# [Exercise data]
== Segment start ==
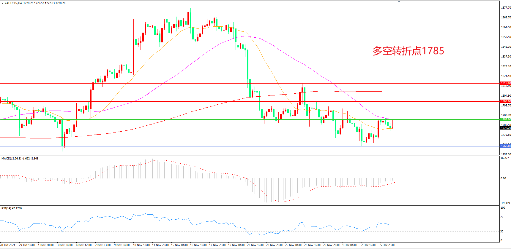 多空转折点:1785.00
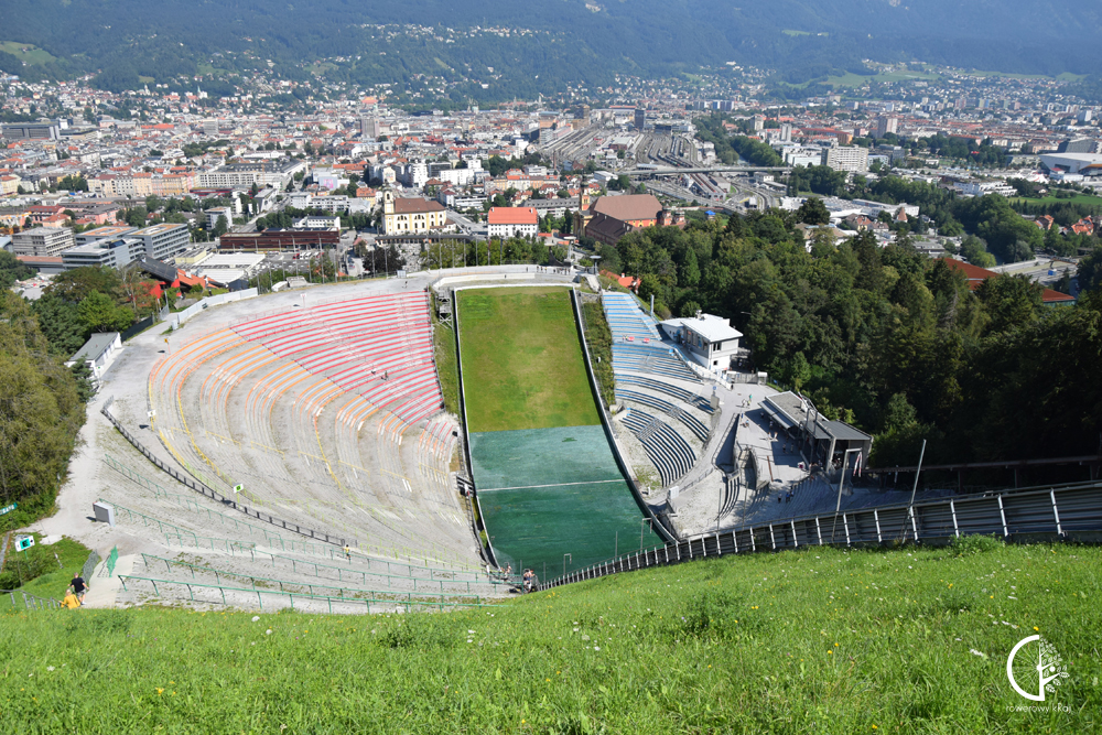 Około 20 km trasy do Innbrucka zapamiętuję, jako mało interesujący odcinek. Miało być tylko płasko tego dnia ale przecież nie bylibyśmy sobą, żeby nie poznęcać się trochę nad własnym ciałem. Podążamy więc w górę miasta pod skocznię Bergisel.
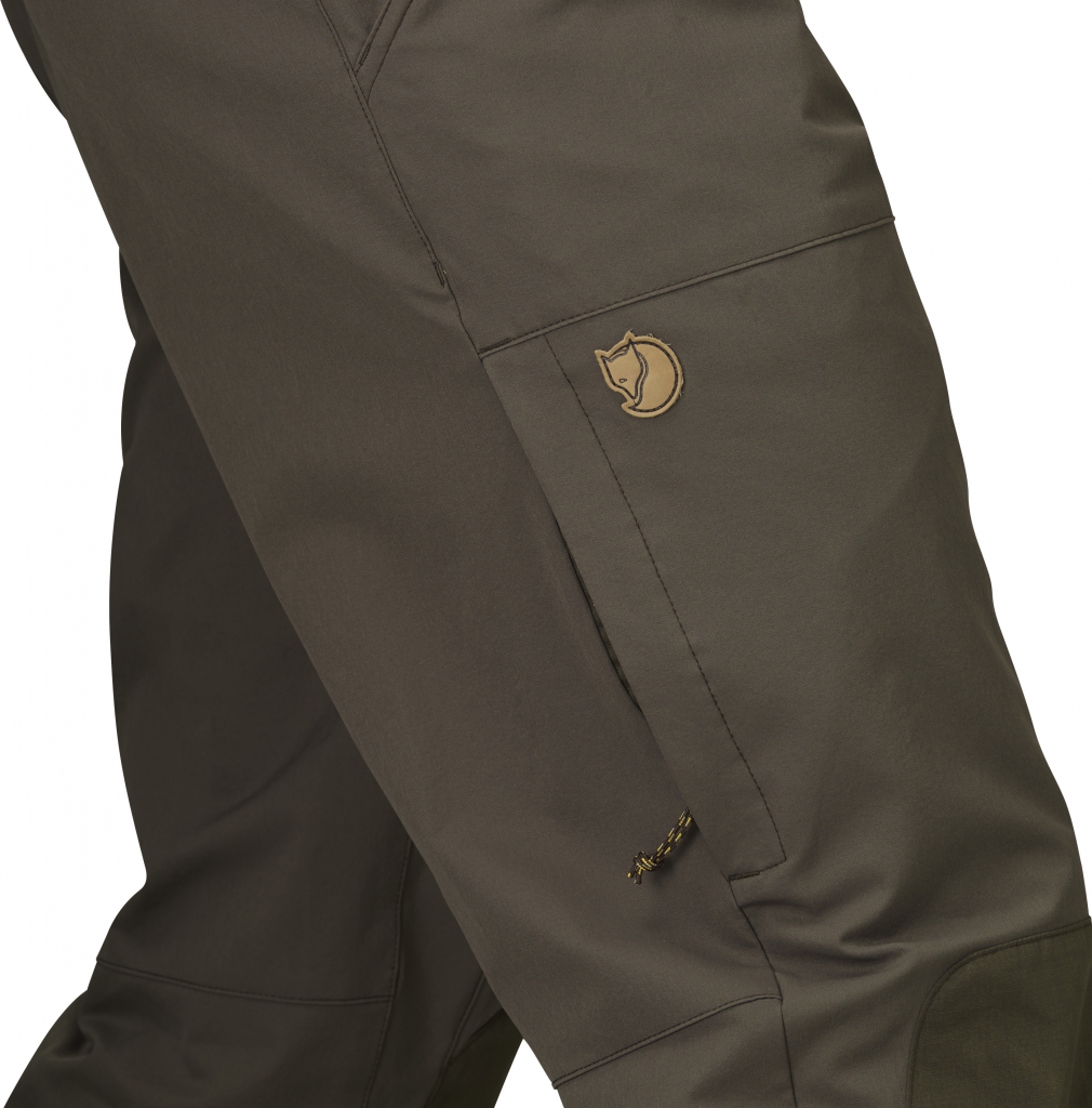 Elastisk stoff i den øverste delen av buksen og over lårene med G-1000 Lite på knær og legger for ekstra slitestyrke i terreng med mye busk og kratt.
== Segment end ==
# [Work to complete]
Could each line of the data be written out exactly, with no pictures included?

# [Output below]
 多空转折点:1785.00
 Około 20 km trasy do Innbrucka zapamiętuję, jako mało interesujący odcinek. Miało być tylko płasko tego dnia ale przecież nie bylibyśmy sobą, żeby nie poznęcać się trochę nad własnym ciałem. Podążamy więc w górę miasta pod skocznię Bergisel.
 Elastisk stoff i den øverste delen av buksen og over lårene med G-1000 Lite på knær og legger for ekstra slitestyrke i terreng med mye busk og kratt.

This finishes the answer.